I sit silently and listen, picking at the burger the waitress dropped off a few minutes prior. The thoughts inside my head won't quit, the thoughts telling me that I can't just sit back and let them be alone, to go through this alone. But the conversation never circles back, leaving a lot left unsaid. Instead, the only answers I get are a promise on my mom's part to fill me when she goes back to the doctor in a few days mixed with her goodbye.

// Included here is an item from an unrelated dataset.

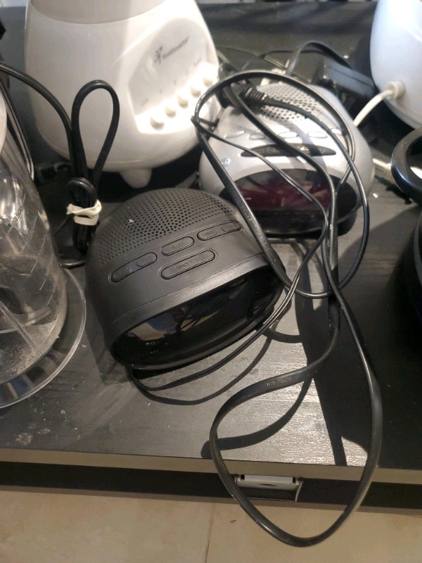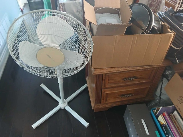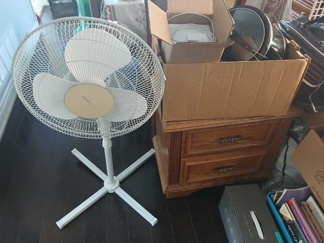Clock Radio, $10 each. Homesence Oscillating fan $15. Sold.

I swipe to my message to check the five that I missed while on the call. Mostly from the group text I share with my roommates. Each one has some sort of emoji like a peach, a pill, a devil. Or if you're just a dumbass like Anderson, something a little more cryptic that makes no sense to anyone in the thread. This time he has sent a bed, a running man, a dancing man, and then a knife. Regardless, I ignore them. Instead, I open a different message thread and search for my own release. Something to take me away from the shit I just learned. I send my message and Sadie replies almost instantly. A thumbs up is all it takes for me to be on my way to her place.